Provided data:
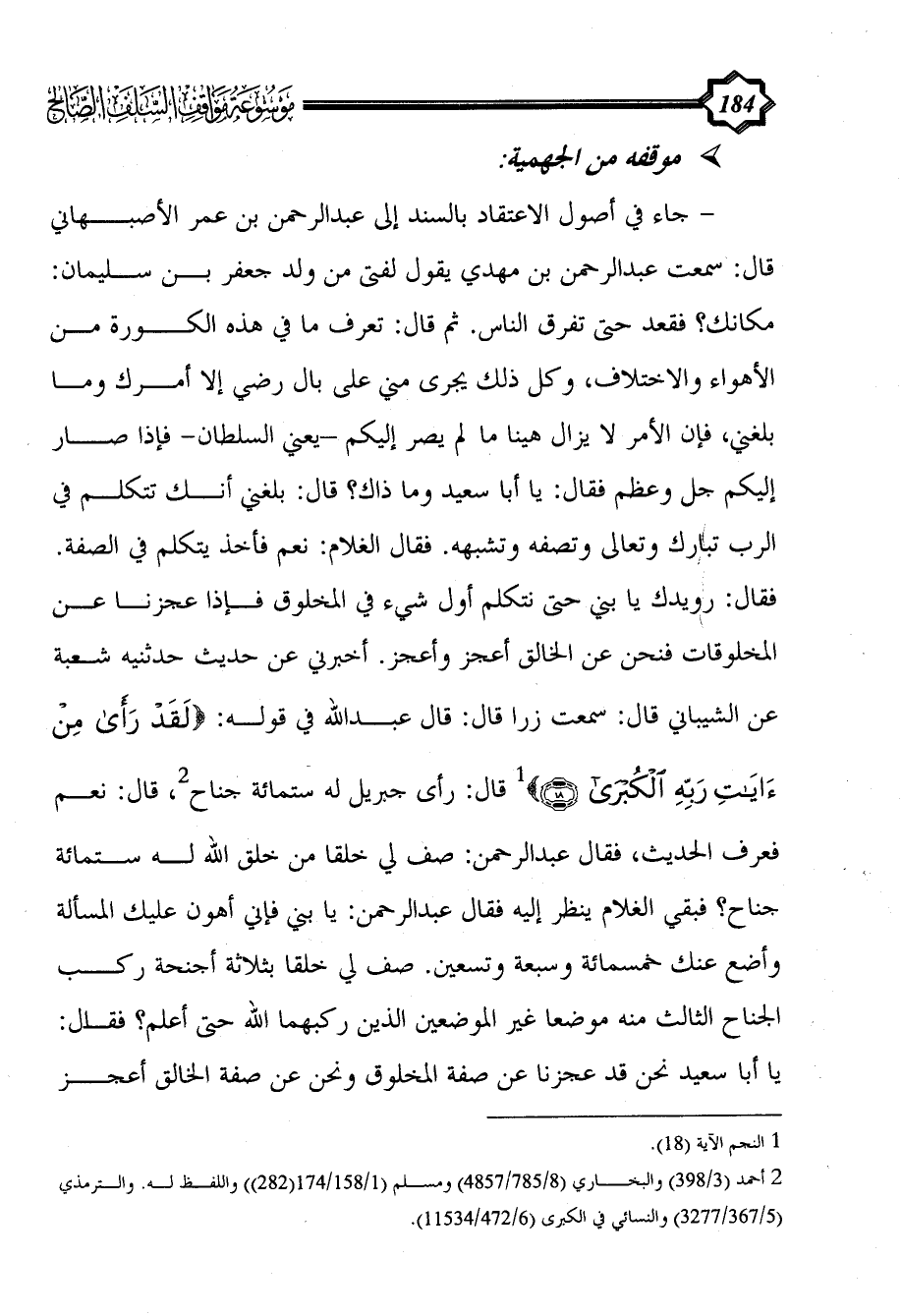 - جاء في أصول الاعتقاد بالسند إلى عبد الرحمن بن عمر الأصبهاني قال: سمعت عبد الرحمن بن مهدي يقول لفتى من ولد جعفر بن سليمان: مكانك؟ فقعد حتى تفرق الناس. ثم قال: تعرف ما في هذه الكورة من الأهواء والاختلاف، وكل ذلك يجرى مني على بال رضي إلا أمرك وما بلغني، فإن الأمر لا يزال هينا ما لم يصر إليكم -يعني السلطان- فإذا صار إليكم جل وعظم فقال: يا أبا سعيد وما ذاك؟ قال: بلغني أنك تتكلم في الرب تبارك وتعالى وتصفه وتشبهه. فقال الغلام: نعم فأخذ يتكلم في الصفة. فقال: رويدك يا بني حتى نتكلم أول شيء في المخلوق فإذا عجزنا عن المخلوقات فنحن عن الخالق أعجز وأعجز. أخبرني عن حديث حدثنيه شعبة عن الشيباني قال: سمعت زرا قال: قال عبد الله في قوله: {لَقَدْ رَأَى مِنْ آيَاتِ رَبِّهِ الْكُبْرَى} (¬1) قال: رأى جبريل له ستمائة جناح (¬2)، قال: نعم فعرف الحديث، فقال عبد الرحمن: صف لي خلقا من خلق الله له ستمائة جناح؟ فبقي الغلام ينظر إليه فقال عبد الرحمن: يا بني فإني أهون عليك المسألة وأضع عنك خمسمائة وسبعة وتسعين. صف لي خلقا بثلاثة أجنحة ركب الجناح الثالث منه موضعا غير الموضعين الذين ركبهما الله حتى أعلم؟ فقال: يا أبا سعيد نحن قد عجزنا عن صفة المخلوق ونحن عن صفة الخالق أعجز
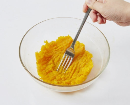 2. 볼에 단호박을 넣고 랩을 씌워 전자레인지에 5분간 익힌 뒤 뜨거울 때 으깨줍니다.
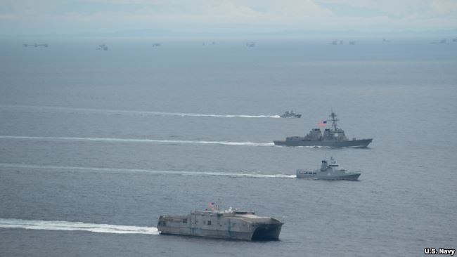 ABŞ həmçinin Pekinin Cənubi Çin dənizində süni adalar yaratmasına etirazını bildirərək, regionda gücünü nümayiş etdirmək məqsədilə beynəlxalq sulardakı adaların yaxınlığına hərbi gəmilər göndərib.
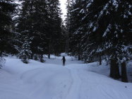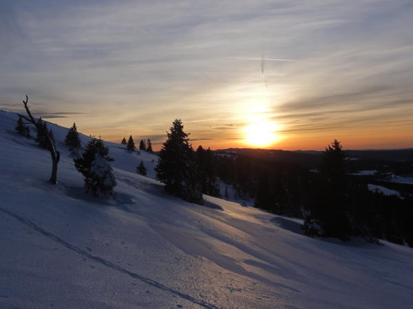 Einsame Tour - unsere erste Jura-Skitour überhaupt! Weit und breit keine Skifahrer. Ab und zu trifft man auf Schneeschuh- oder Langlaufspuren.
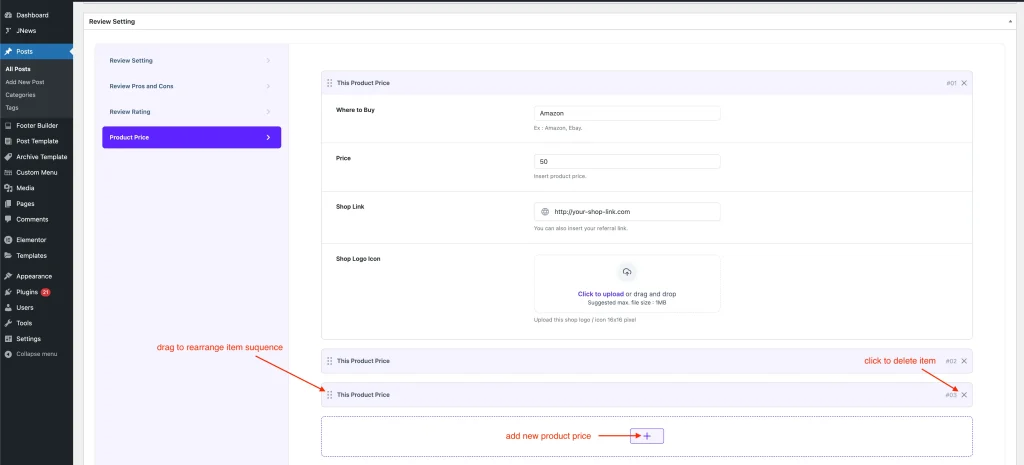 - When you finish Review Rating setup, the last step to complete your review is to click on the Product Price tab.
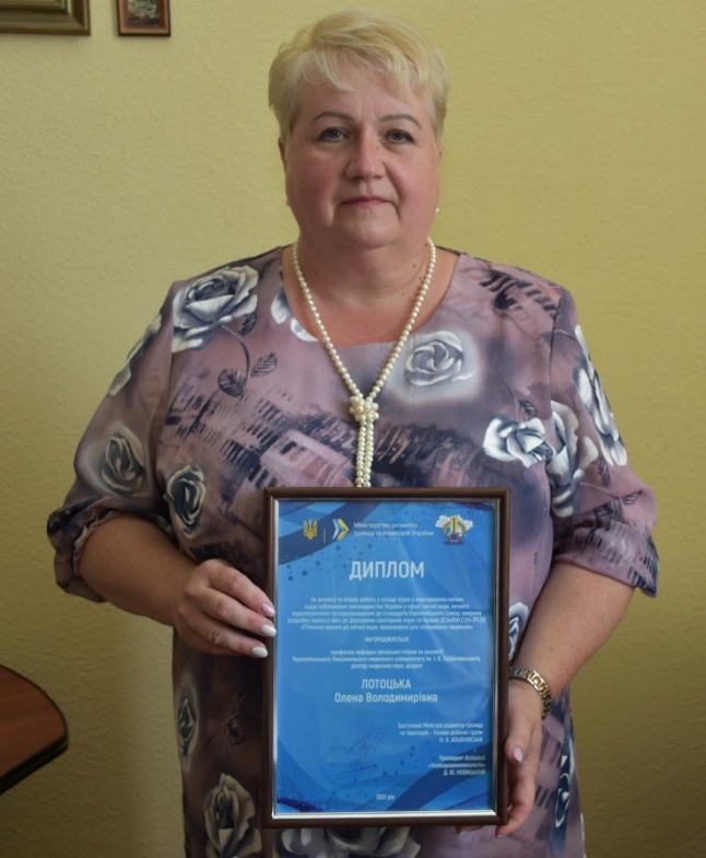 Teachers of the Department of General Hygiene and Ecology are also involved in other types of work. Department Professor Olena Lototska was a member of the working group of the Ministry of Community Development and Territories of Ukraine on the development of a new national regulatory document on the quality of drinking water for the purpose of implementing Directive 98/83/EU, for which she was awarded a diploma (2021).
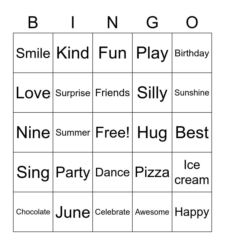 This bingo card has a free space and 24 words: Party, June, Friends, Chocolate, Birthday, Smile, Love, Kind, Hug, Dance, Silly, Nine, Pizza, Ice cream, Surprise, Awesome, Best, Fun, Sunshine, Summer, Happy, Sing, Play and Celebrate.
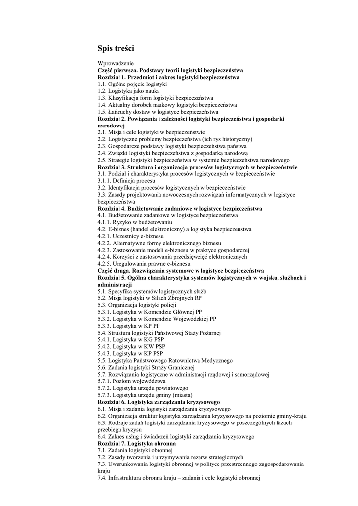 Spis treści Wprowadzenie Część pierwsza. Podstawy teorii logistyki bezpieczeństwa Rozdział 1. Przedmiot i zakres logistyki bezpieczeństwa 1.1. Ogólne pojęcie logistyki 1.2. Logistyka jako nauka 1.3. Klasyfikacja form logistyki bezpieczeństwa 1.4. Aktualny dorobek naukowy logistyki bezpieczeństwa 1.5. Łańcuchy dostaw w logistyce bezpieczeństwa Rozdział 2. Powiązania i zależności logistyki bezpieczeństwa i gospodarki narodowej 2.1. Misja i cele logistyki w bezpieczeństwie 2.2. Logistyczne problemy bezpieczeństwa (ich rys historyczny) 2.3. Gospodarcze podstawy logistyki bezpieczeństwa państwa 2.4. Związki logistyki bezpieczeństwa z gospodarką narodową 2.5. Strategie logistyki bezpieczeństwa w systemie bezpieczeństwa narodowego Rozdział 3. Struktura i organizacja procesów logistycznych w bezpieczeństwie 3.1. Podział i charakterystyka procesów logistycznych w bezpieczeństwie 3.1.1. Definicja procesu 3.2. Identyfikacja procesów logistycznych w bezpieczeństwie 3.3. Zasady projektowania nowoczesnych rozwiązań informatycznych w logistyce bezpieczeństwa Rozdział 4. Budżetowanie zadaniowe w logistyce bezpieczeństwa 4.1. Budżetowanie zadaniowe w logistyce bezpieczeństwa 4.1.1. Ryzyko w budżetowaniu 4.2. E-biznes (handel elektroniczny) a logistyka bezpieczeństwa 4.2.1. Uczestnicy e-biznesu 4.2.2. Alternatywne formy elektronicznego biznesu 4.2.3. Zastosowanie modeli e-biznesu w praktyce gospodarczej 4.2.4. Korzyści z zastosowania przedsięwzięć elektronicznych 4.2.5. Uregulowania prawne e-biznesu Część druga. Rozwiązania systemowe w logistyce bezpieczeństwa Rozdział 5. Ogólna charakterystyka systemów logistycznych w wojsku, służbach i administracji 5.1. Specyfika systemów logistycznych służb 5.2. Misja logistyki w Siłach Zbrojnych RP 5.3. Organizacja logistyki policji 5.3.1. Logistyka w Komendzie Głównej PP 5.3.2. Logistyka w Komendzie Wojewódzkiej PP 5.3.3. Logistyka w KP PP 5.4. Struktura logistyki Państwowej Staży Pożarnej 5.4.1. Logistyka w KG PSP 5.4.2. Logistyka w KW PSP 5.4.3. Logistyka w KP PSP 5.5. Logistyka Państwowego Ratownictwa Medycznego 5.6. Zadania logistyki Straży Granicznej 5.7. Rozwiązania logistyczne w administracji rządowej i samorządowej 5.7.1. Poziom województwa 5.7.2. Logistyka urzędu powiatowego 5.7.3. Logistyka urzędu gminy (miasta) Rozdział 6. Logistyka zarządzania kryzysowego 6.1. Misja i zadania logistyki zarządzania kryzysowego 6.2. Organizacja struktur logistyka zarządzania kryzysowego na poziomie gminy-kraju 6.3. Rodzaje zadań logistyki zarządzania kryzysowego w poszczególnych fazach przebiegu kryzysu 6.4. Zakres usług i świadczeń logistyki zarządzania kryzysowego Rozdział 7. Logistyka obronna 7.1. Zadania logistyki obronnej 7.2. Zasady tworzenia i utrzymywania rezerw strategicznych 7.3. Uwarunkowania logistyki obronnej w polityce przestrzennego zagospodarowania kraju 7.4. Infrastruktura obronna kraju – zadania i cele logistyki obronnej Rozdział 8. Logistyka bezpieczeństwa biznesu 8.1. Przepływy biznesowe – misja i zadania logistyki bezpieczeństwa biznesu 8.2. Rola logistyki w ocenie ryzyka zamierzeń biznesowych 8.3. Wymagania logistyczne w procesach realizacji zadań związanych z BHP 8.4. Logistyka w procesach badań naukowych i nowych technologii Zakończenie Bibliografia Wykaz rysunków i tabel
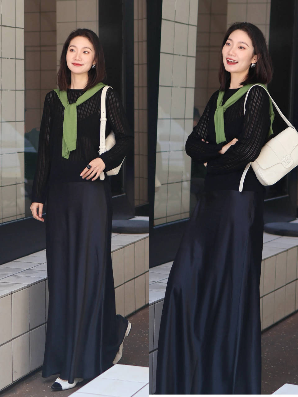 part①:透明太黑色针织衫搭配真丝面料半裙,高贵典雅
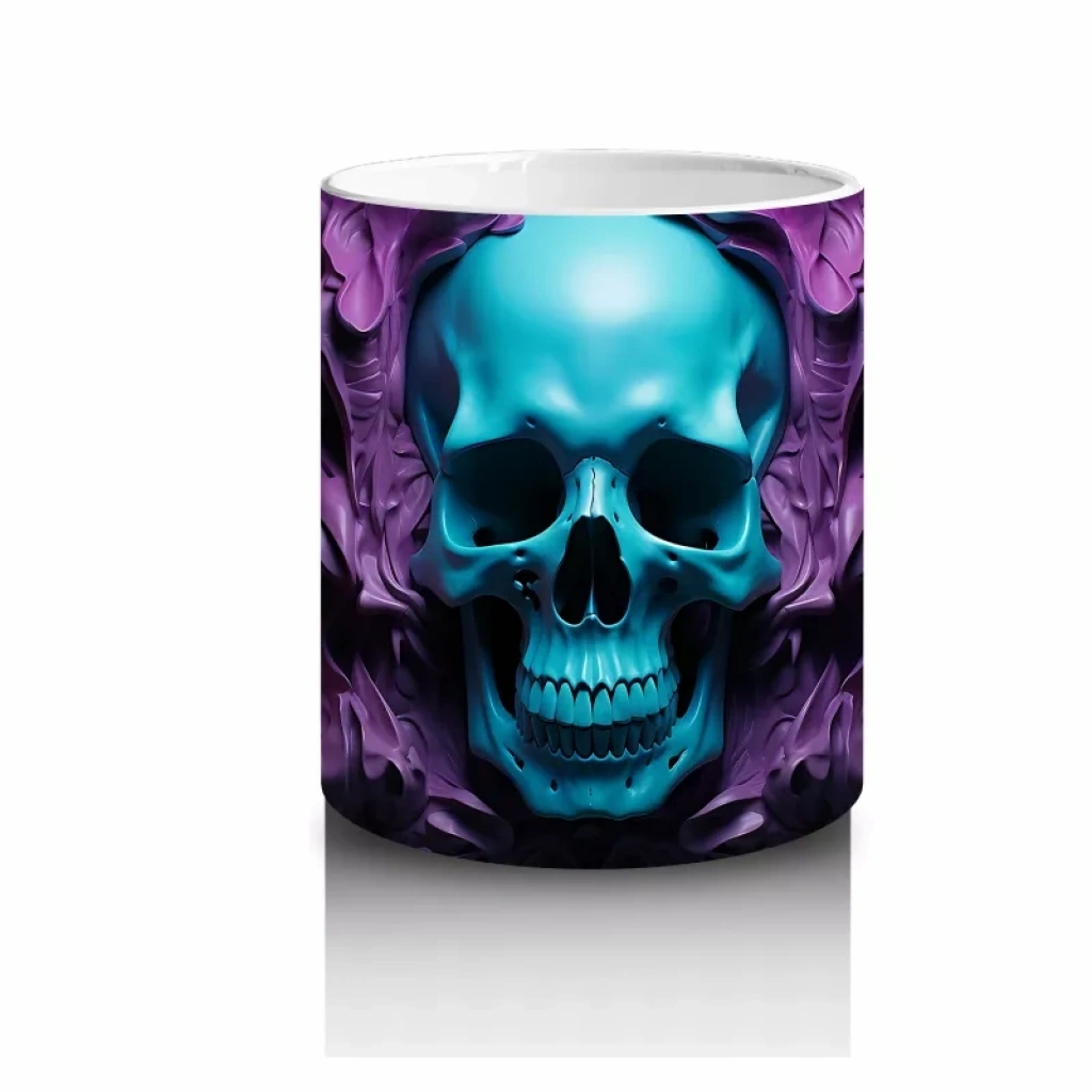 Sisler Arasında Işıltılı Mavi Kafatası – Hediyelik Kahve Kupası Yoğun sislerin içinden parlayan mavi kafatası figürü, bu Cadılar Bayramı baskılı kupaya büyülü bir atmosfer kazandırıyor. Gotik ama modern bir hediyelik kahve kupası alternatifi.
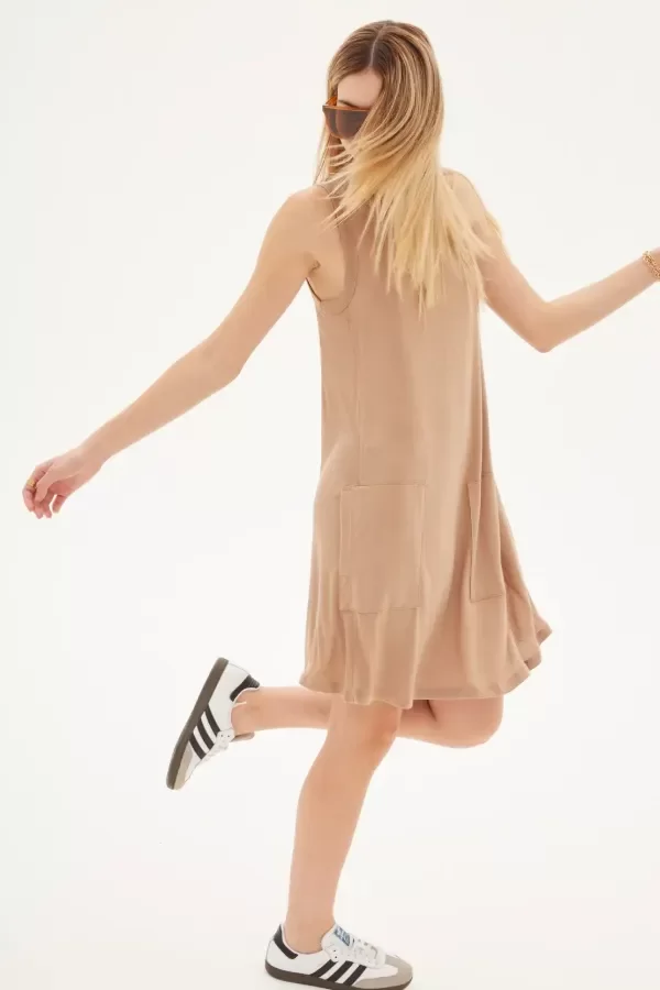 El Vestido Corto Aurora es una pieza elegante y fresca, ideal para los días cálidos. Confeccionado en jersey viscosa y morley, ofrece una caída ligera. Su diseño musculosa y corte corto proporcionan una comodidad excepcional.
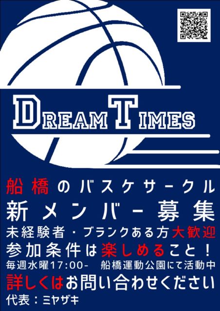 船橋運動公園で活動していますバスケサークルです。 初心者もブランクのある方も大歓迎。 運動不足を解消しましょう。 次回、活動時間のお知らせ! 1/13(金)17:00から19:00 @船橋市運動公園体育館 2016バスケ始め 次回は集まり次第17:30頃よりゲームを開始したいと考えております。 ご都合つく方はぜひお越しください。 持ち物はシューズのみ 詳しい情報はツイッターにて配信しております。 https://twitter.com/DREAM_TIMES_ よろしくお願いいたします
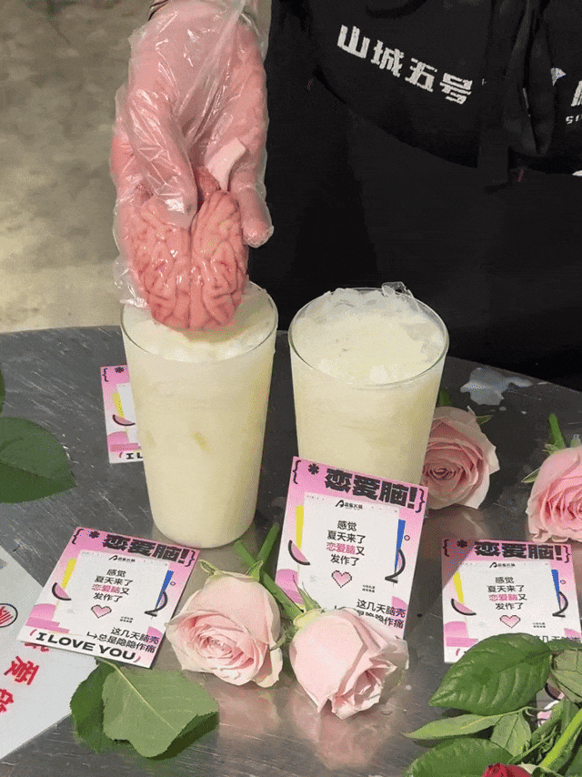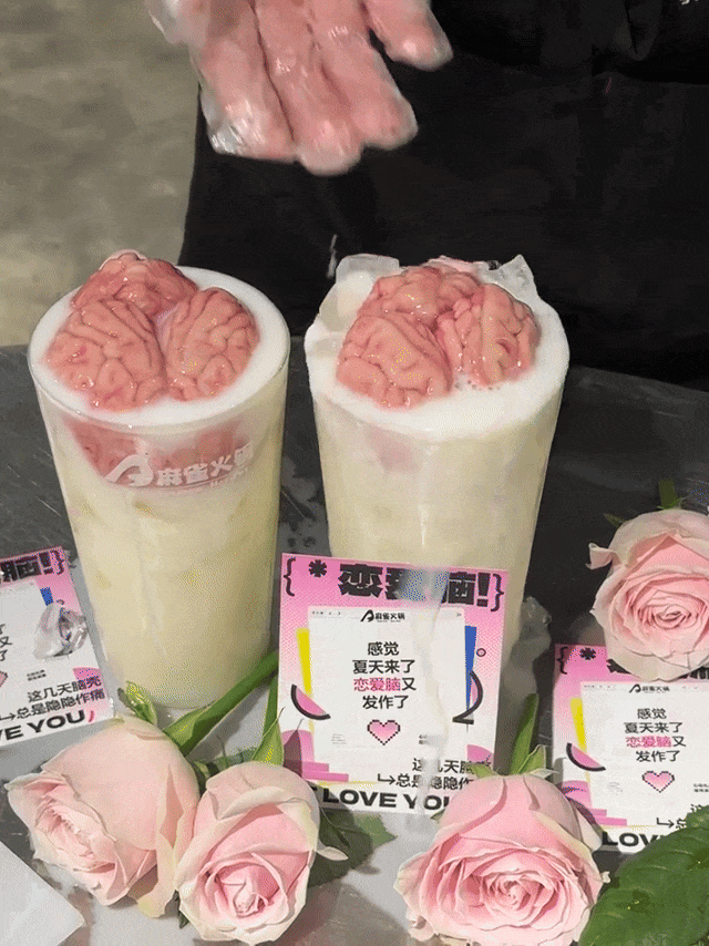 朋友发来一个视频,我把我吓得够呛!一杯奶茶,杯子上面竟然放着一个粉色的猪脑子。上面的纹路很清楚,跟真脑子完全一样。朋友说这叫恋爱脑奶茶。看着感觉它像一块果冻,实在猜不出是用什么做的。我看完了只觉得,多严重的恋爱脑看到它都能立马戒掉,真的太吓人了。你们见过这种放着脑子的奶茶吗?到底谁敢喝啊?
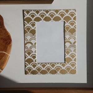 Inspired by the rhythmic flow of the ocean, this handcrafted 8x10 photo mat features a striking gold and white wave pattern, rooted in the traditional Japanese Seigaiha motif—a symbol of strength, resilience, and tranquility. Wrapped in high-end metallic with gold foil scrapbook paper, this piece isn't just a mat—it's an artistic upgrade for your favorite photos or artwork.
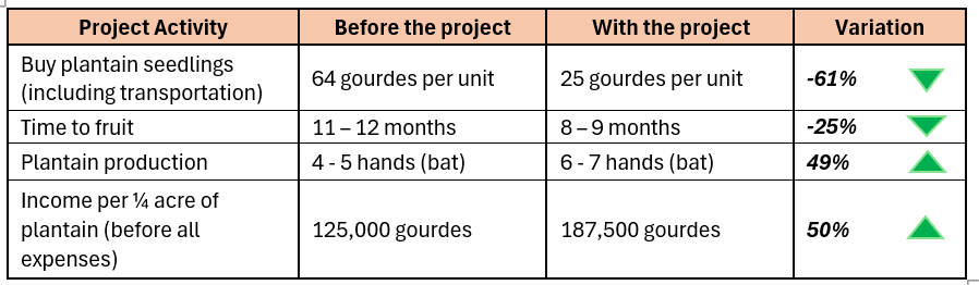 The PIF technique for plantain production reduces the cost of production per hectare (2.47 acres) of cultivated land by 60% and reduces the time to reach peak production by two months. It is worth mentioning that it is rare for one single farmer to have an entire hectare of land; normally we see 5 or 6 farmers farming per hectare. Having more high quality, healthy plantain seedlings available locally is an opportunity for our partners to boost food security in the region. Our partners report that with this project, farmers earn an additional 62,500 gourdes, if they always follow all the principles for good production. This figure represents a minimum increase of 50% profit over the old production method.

What the task asks:
What are the lines in the records above, word for word, from the one containing "船橋運動公園で活動していますバスケサークルです。 初心者もブランクのある方も大歓迎。 運動不足を解消しましょう。" through the one containing "Inspired by the", both ends included and pictures left out?

Exercise response:
 船橋運動公園で活動していますバスケサークルです。 初心者もブランクのある方も大歓迎。 運動不足を解消しましょう。 次回、活動時間のお知らせ! 1/13(金)17:00から19:00 @船橋市運動公園体育館 2016バスケ始め 次回は集まり次第17:30頃よりゲームを開始したいと考えております。 ご都合つく方はぜひお越しください。 持ち物はシューズのみ 詳しい情報はツイッターにて配信しております。 https://twitter.com/DREAM_TIMES_ よろしくお願いいたします
 朋友发来一个视频,我把我吓得够呛!一杯奶茶,杯子上面竟然放着一个粉色的猪脑子。上面的纹路很清楚,跟真脑子完全一样。朋友说这叫恋爱脑奶茶。看着感觉它像一块果冻,实在猜不出是用什么做的。我看完了只觉得,多严重的恋爱脑看到它都能立马戒掉,真的太吓人了。你们见过这种放着脑子的奶茶吗?到底谁敢喝啊?
 Inspired by the rhythmic flow of the ocean, this handcrafted 8x10 photo mat features a striking gold and white wave pattern, rooted in the traditional Japanese Seigaiha motif—a symbol of strength, resilience, and tranquility. Wrapped in high-end metallic with gold foil scrapbook paper, this piece isn't just a mat—it's an artistic upgrade for your favorite photos or artwork.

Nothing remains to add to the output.